Frugal and industrious, these stalwart descendants of Hollanders have one great fault, almost a fatal one in a new country. They have a rooted antipathy to novelty and improvement. They use the same lumbering plough their big-breeched forefathers imported from the Low Countries some eighty years ago, although it requires twelve strong oxen to draw it. They reject steam, and pound their corn instead of grinding it. Despising flails, they completely spoil their straw by having the grain trodden out by horses or oxen. Of the English settlers, the Cockneys make the best farmers, "because, coming without any previous knowledge of the art they intend to follow, they take advice of those whom experience enables to give it, instead of trying to manage things in South Africa as they do in England." Stories are traditionally cited, of inexperienced Londoners, just landed at the Cape, purchasing a flock of sheep as breeding stock, and discovering them (too late) to be wethers; and of another who planted split pease to raise a crop ready for use; but such instances of ignorance, Mr Cole assures us, are by no means common.

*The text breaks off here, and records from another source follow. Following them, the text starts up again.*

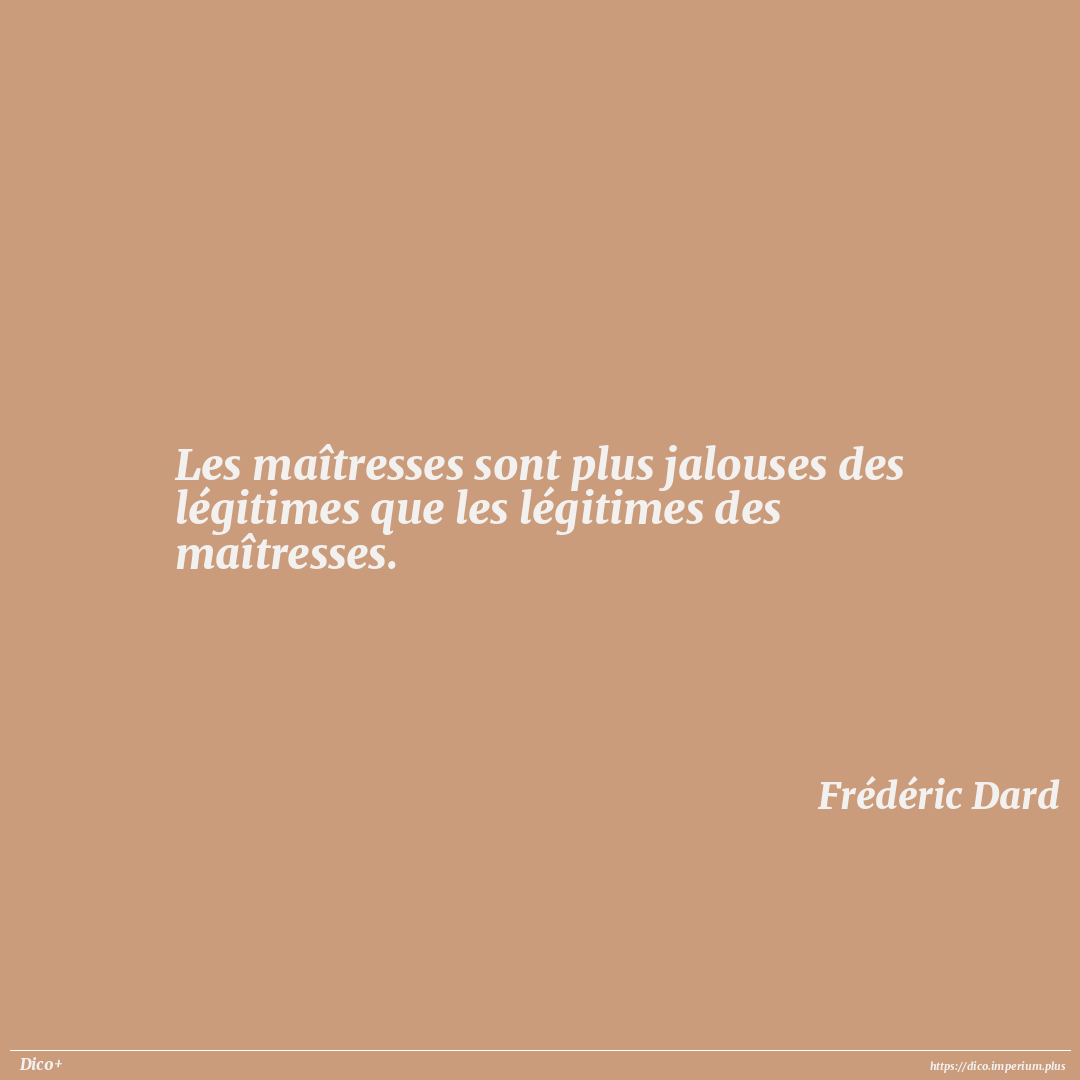 Les maîtresses sont plus jalouses des légitimes que les légitimes des maîtresses.
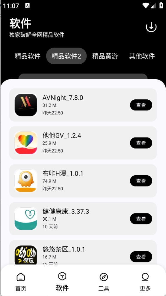 黑白软件库是一款软件资源非常丰富的手机软件,让我们可以在线众多优质的软件到手机上。并且所覆盖的类型众多,比如影视、小说、漫画类等。甚至还贴心地为我们提供了在线工具,如果我们日常生活中需要使用就可以直接打开。当然,最重要的还是所有的软件资源都是免费的,黑白软件库还会持续更新当下好用且火热的软件!
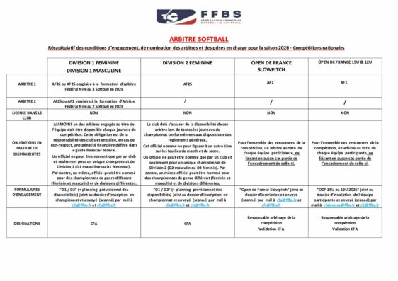 ARBITRE SOFTBALL 2026 – COMPETITIONS NATIONALES
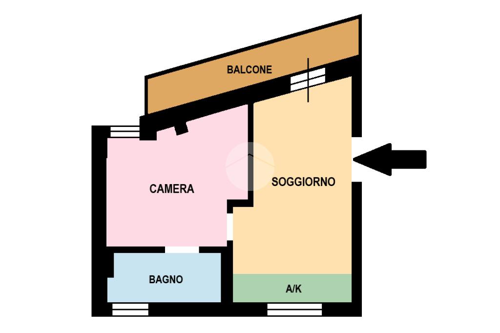 Composta da: ingresso, soggiorno con angolo cottura, camera da letto matrimoniale e servizio finestrato dotato di doccia, la soluzione vanta un ESCLUSIVO BALCONE.
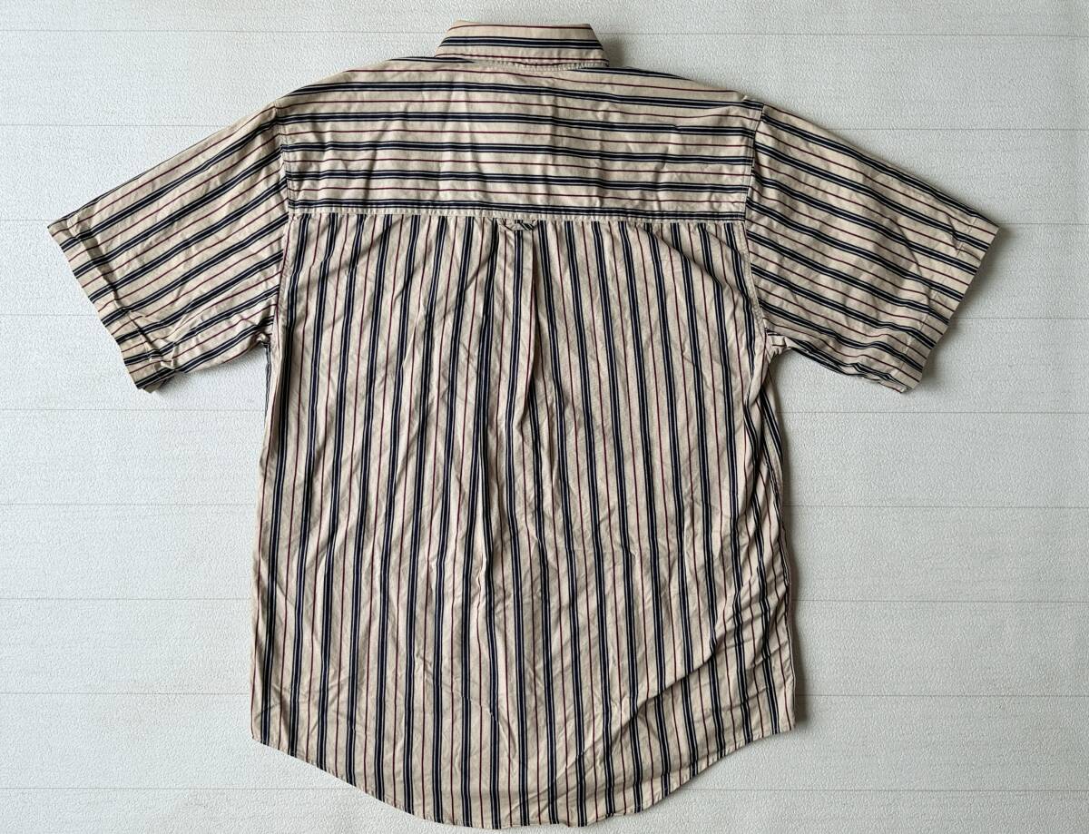 IVY CREW USA直輸入 古着 半袖 胸ポケット付き ストライプ ボタンダウン シャツ メンズ L ベージュ トップス 中古
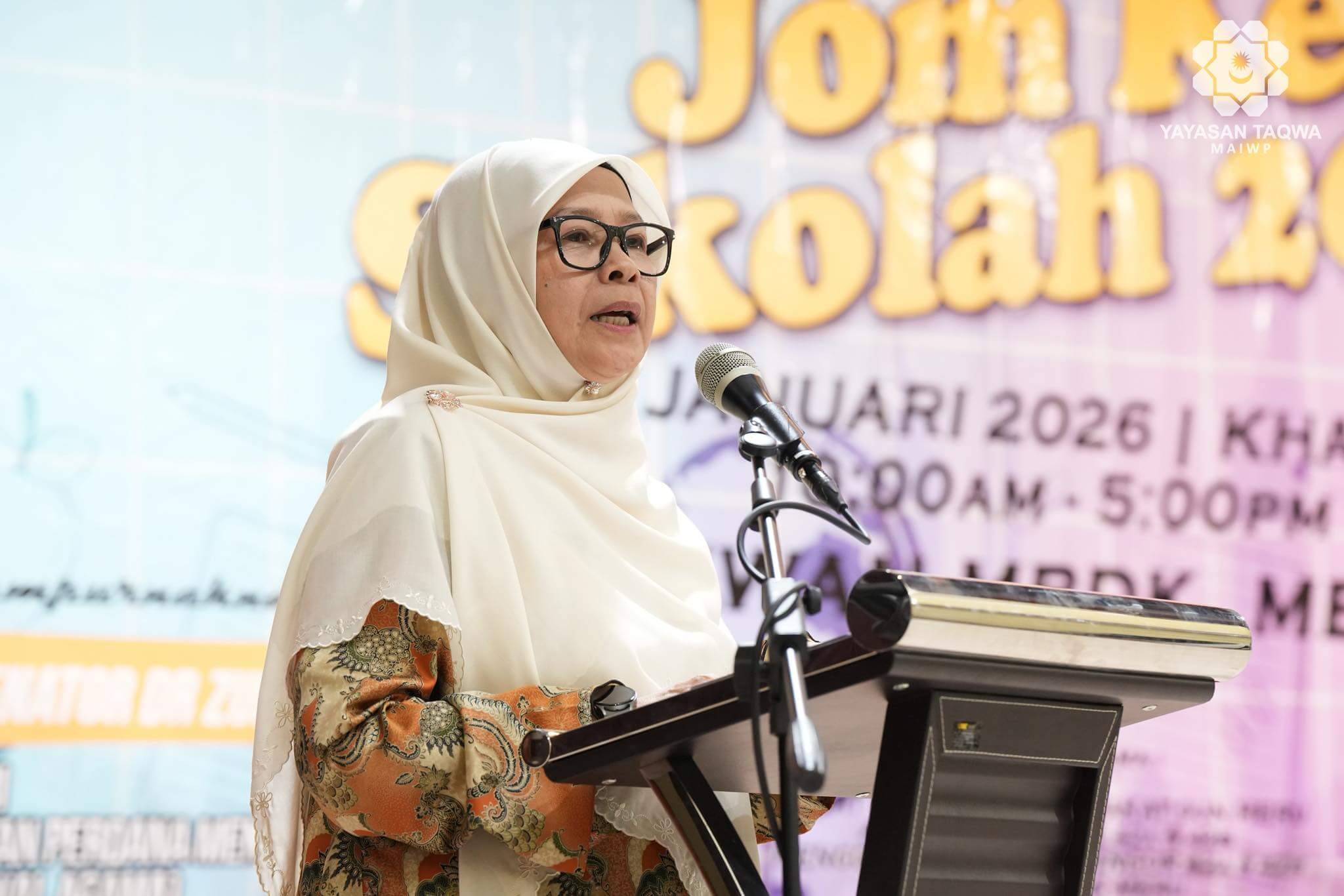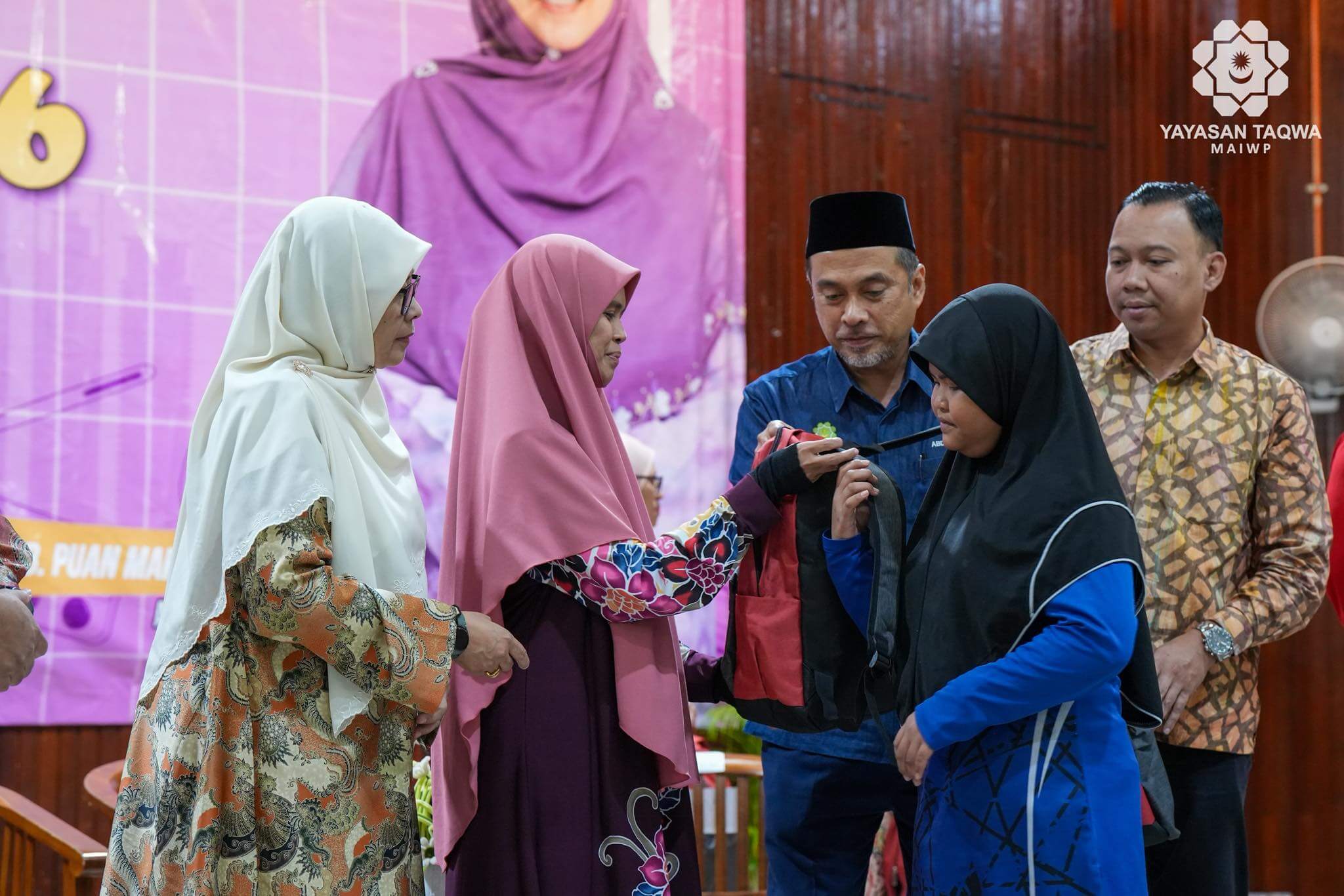 Turut Hadir, YB. Puan Mariam Abdul Rashid, Ahli Dewan Negeri Meru, YBhg. Tuan Hj. Abdul Aziz Bin Abd. Jalal, Ahli Lembaga Pemegang Amanah Yayasan Taqwa-MAIWP, YBhg. Tuan Hj. Abdullah Zuhdee Bin Ab Halim, Ketua Pegawai Eksekutif Yayasan Taqwa-MAIWP, YBhg. Mohd Fitri Aziz Bin Mohd Yusof, Pengarah YADIM Negeri Selangor serta tetamu jemputan ibu bapa dan para pelajar.
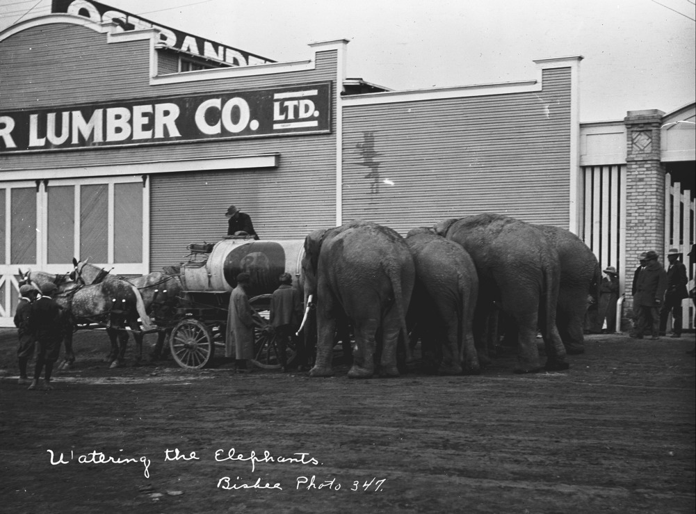 - "Watering the Elephants;" four elephants being watered with a horse-drawn tank in front of the Ostrander Lumber Company; several men look on.
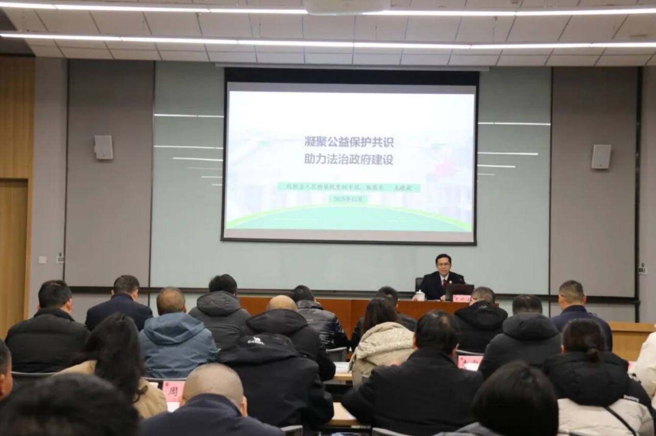 12月24日,仪陇县检察院党组书记、检察长龙晓波受邀走进张思德干部学院,以《凝聚公益保护共识 助力法治政府建设》为题,为仪陇县职级公务员培训班的60名参训学员作专题授课。
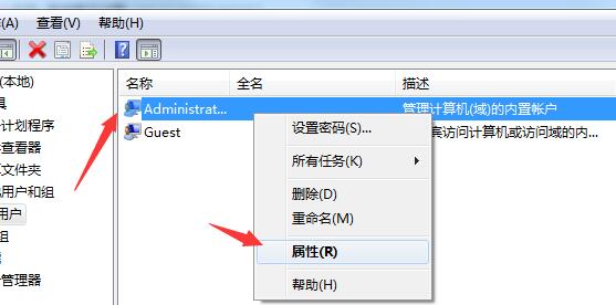 3、右键选择名为【Administrator】的用户,打开属性设置面板
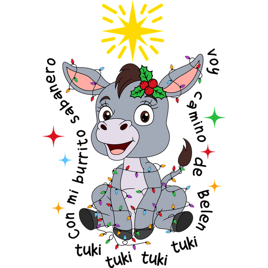 A cheerful cartoon donkey adorned with festive lights and a holly leaf, radiating holiday joy under a bright star.DTF Transfers dtf prints
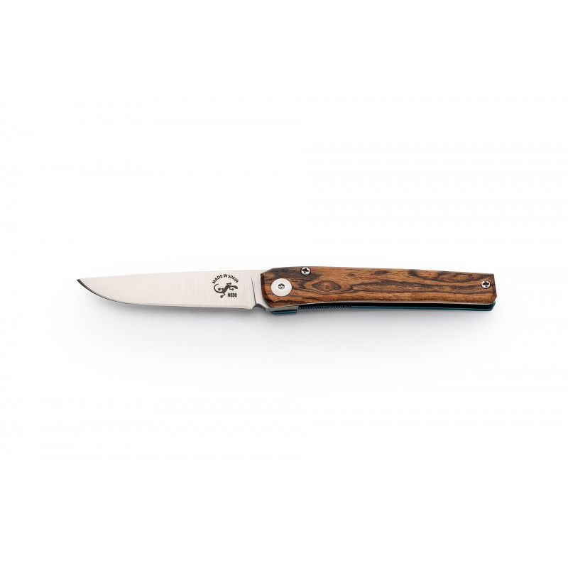 Canivete Salamandra Série S-310 com cabo único de Madeira de Bocote e trava interna. Fabricado em aço inoxidável Böhler N690 com espessura de 2,7 mm e comprimento da lâmina de 70 mm, com comprimento total de 160 mm e peso de 40 gramas.
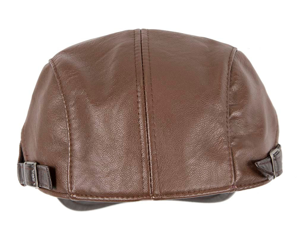 Classic shape flat cap with beak by Max Alexander. This flat cap can be adjusted to fit almost any size. Made from strong faux leather.
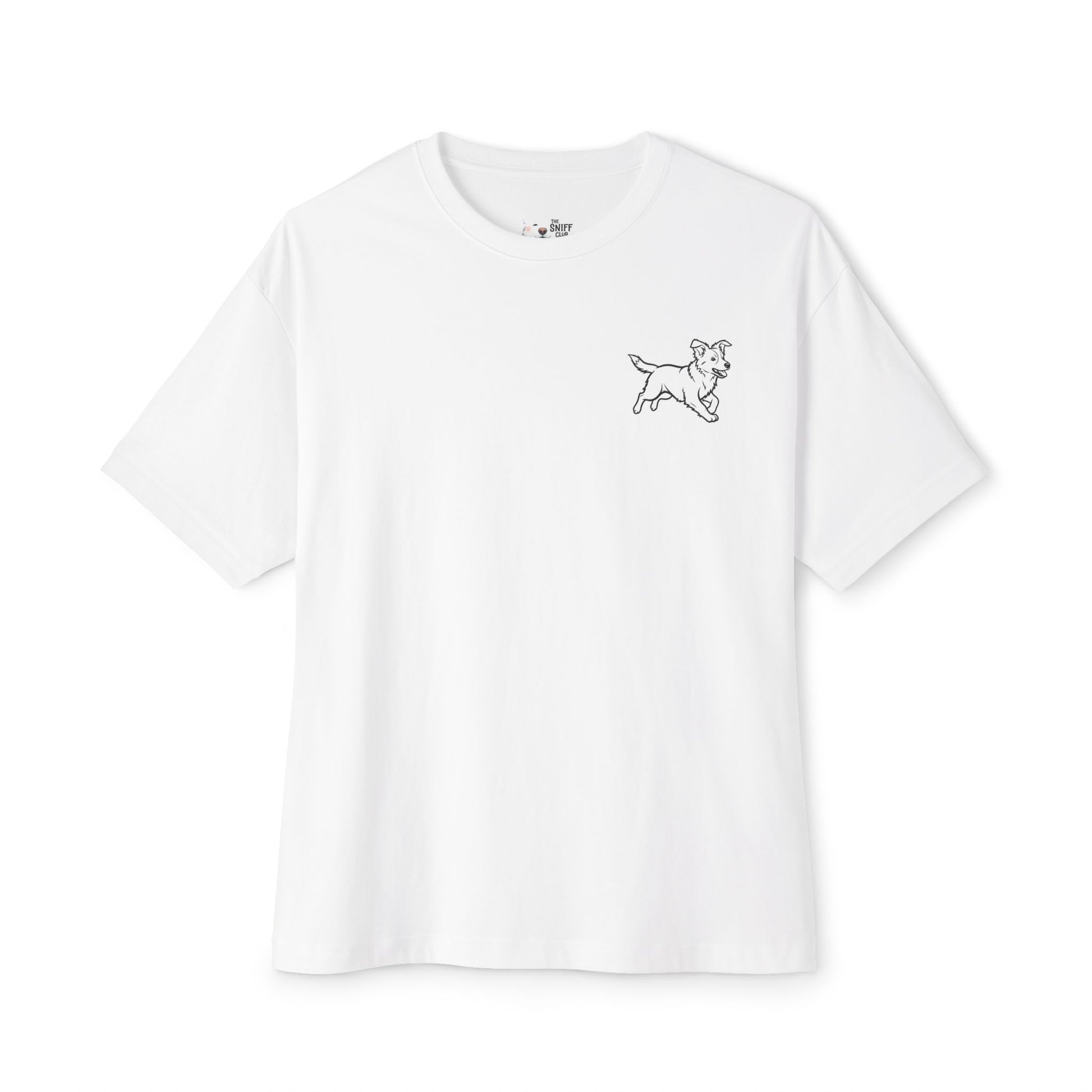 Oversized, boxy, and 100% cotton, it’s perfect for wearing while surviving zoomies, cleaning up the aftermath of their latest “project,” or just laughing at how your dog thinks they are secretly running the household. Comfortable enough for humans, chaotic enough to match your dog.
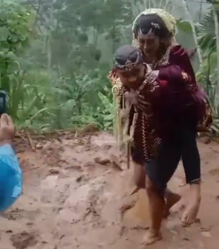 Dalam video yang kini viral di media sosial, pengantin pria tampak menggendong istrinya melewati jalan berlumpur dan tertutup longsoran tanah sambil disemangati warga sekitar.
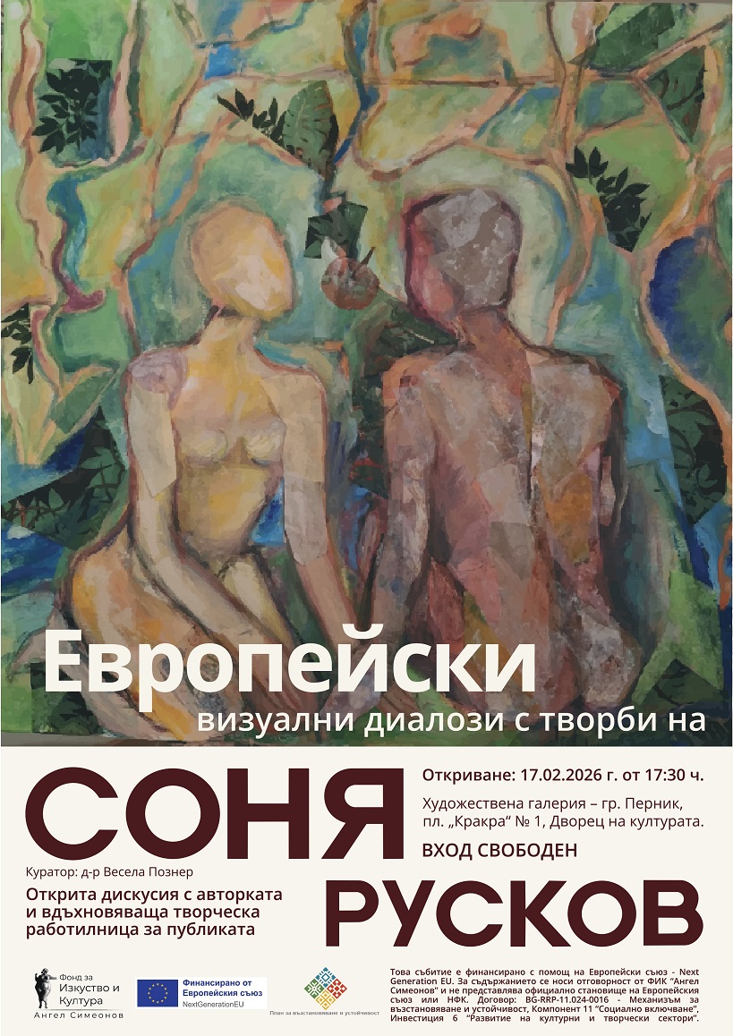 Фонд за изкуство и култура „Ангел Симеонов“ Ви кани на откриването на изложба „Европейски визуални диалози с творби на Соня Русков“: 17.02.2026 г. в град Перник, пл. „Кракра“ 1 – Дворец на културата, откриване от 17.30 часа, вход – свободен. Куратор на изложбата е д-р Весела Познер.

The present unfortunate condition of the Cape Colony, and the destructive war now raging there, give peculiar interest to that portion of Mr Cole's book which relates to the Kafirs. During the greater part of his residence at the Cape, these troublesome savages were on their good behaviour, and he was enabled to become personally acquainted with them, and especially with their powerful chief Macomo. Riding from Graham's Town to Fort Beaufort, through that immense jungle and favourite Kafir lurking-place, Fish River Bush, he paused to bait at a roadside inn, and entered into chat with his host, who, on hearing that he had never been in Kafirland, pointed out to him a distant mountain.

"A very noted place, sir," he said, "is that mountain. It is in the territory of the Kafir chief Macomo. When that rascal wants to attack the colony, or his neighbours, the other chiefs, he lights a great fire on the top of that hill at night, and, on seeing it, every Kafir in his dominions immediately flocks to his standard, and he can collect ten thousand armed men, sir."

Mr Cole expressed a fervent hope that it would be long before Macomo lit his fire, but the innkeeper expected it would shortly blaze; and the innkeeper was right. At Fort Beaufort Mr Cole first saw the great Kafir, dressed in cast-off European clothes, but without shirt or stockings, and more than half-drunk. He won his favour by lending him sixpence, and received an invitation to visit him at his kraal, a very few miles from Fort Beaufort. Accordingly, next morning he mounted his horse, and rode into Kafirland. From Chapter X. we glean some of his first impressions.

"The Kafir is certainly a fine animal. He is tall, well-knit, clean-limbed, and graceful in his motions. It is rare to see a Kafir with any personal deformity, however trifling. I have seen some dozen races of coloured people, and I have no hesitation in pronouncing the Kafirs by far the finest of them. Their features are not negro; though some of them (especially Macomo, who is the ugliest man in his dominions) partake very much of that character. Their colour varies from almost black to a light copper hue. Amongst them I frequently met with Albinos. These are certainly the most repulsive-looking creatures I ever beheld. Their skin is dead white, not the whiteness of a delicate European skin, but the colour of a white horse—it is scaly and coarse; their eyes are pink like those of a ferret; and their hair very much the colour of a ferret's coat, though still woolly and tufted."

The Kafirs Mr Cole met upon the road scowled at him in no friendly manner, but dared not rob a visiter to their chief. Macomo received him well, regaled him on beefsteaks and coffee, tried hard to sell him horses or cattle, expressed most hypocritical affection for the English, and extracted another sixpence from him, in exchange for a stick.

"I rode back to Fort Beaufort, well pleased with my visit, but more than ever satisfied of the natural cunning, avarice, craft, and dishonesty, the low moral nature, and utter untrustworthiness of Kafirs in general, and, above all, of Macomo."